Device for Monitoring the Alignment of a Laser Beam, and EUV Radiation Generating Apparatus having such a Device

Abstract

This disclosure relates to a device for monitoring the alignment of a laser beam, comprising: a detector having an opening for passage of the laser beam, at least two temperature sensors which are mounted on the detector, and a temperature monitoring device which is connected to the at least two temperature sensors, for monitoring the alignment of the laser beam relative to the opening. The at least two temperature sensors have a temperature-dependent resistance which either increases as the temperature increases or decreases as the temperature increases, and the at least two temperature sensors are connected in series with the temperature monitoring device. This disclosure relates also to an EUV radiation generating apparatus which has at least one device as described above for monitoring the alignment of a laser beam.

Claims

1. A system for monitoring the alignment of a laser beam, the system comprising: a detector defining an opening for passage of the laser beam; a plurality of temperature sensors mounted on the detector; and a temperature monitoring device connected to the plurality of temperature sensors, wherein the temperature monitoring device is configured to monitor the alignment of the laser beam relative to the opening, wherein each temperature sensor of the plurality of temperature sensors has a temperature-dependent resistance that either increases as a temperature of the temperature sensor increases or decreases as the temperature of the temperature sensor increases, and wherein the plurality of temperature sensors are connected in series with the temperature monitoring device.

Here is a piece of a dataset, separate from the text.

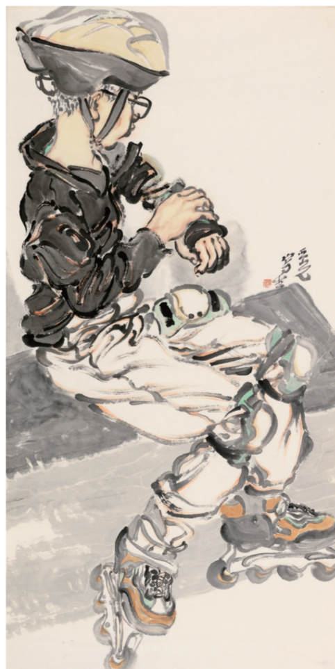
待发(国画) 136×68厘米 李亚光

2. The system according to claim 1, wherein the plurality of temperature sensors comprise one or more PTC resistors.

3. The system according to claim 1, wherein the detector comprises a base body surrounding the opening annularly, and wherein the plurality of temperature sensors are integrated with the base body.

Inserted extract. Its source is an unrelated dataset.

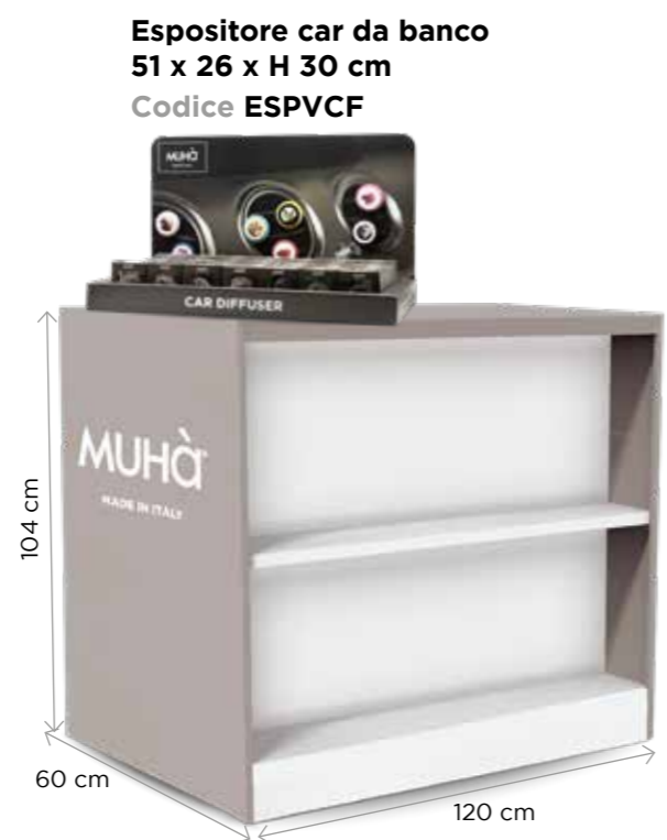
Banco Codice BANCO01

4. The system according to claim 3, wherein the base body is composed of metal.

5. The system according to claim 3, further comprising an absorber mounted on the base body.

6. The system according to claim 3, wherein the detector comprises a cooling body connected to the base body via a thermal bridge.

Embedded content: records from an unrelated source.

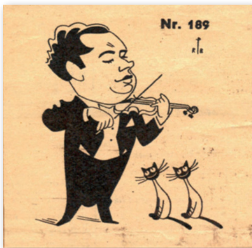
Fig. 4 : caricature d'Arthur Grumiaux par l'illustrateur allemand Rolf Peter Bauer (1912–1960) tirée d'une coupure de presse allemande 95 .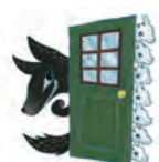
おおかみと7ひきの子やぎ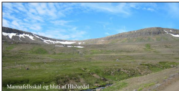
Mannafellsskál og hluti af Hlíðardal

Önnur saga segir að einu sinni hafi ferðamaður orðið úti á Skálavíkurheiði. Þegar hann fannst var hann grafinn þar sem heiðin er hæst og kross settur á kuml hans. Með því yrði hann vegvísir þeim sem um heiðina færu. Að fornum síð taldi hver ferðamaður sér skylt að leggja stein á kumlið þegar hann átti leið þar um. Stækkaði rústin þannig smám saman. Upp úr kumlinu átti varðan síðan að hafa verið gerð og henni jafnan haldið við, en einnig endurbýggð þegar þess þurfti.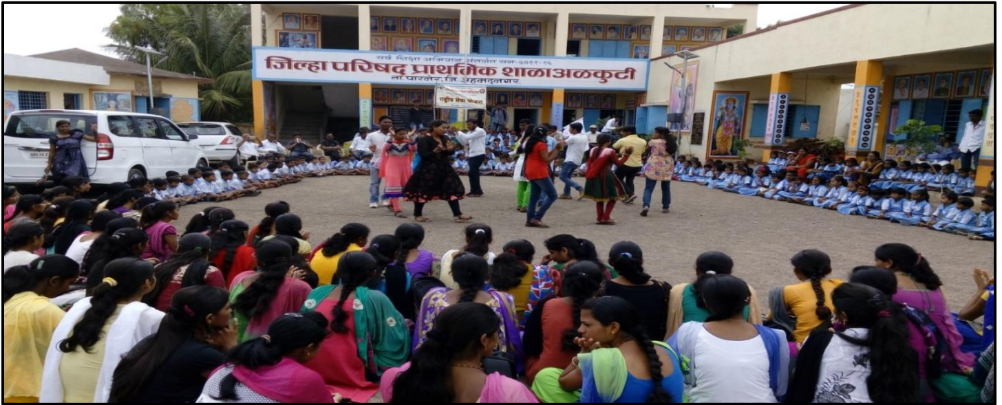
NSS Students Perform Swachh Bharat Abhiyan Pathnatya at Alkuti

7. The system according to claim 6, wherein the cooling body defines at least one cooling channel, and wherein the at least one cooling channel is configured to receive a cooling medium.

8. The system according to claim 1, wherein the plurality of temperature sensors is distributed evenly about a periphery of the opening.

9. The system according to claim 1, wherein the temperature monitoring device comprises a first switching element, wherein the first switching element is configured to switch from a respective first switching state of the first switching element into a second switching state of the first switching element when a first switching threshold is exceeded, wherein the first switching threshold corresponds to a first temperature threshold value.

10. The system according to claim 9, wherein the temperature monitoring device further comprises a second switching element, wherein the second switching element is configured to switch from a first switching state of the second switching element into a second switching state of the second switching element when a second switching threshold is exceeded, wherein the second switching threshold corresponds to a second temperature threshold value, and wherein the first temperature threshold value is different than the second temperature threshold value.

11. The system according to claim 10, wherein the first switching element and the second switching element each comprise a respective Zener diode.

12. The system according to claim 10, wherein the temperature monitoring device further comprises an adjustment device configured to adjust at least one of the first temperature threshold value or the second temperature threshold value.

13. The system according to claim 10, wherein at least one of the first switching element and the second switching element is connected in series with the plurality of temperature sensors.

14. An EUV radiation generating apparatus, the apparatus comprising: a vacuum chamber defining a vacuum environment, wherein the vacuum chamber is configured to receive a target material in a target region of the vacuum environment; a beam guiding device configured to guide a laser beam into the target region to generate EUV radiation; and a system for monitoring the alignment of a laser beam, the system comprising: a detector defining an opening for passage of the laser beam; a plurality of temperature sensors mounted on the detector; and a temperature monitoring device connected to the plurality of temperature sensors, wherein the temperature monitoring device is configured to monitor the alignment of the laser beam relative to the opening, wherein each temperature sensor of the plurality of temperature sensors has a temperature-dependent resistance that either increases as a temperature of the temperature sensor increases or decreases as the temperature of the temperature sensor increases, and wherein the plurality of temperature sensors are connected in series with the temperature monitoring device.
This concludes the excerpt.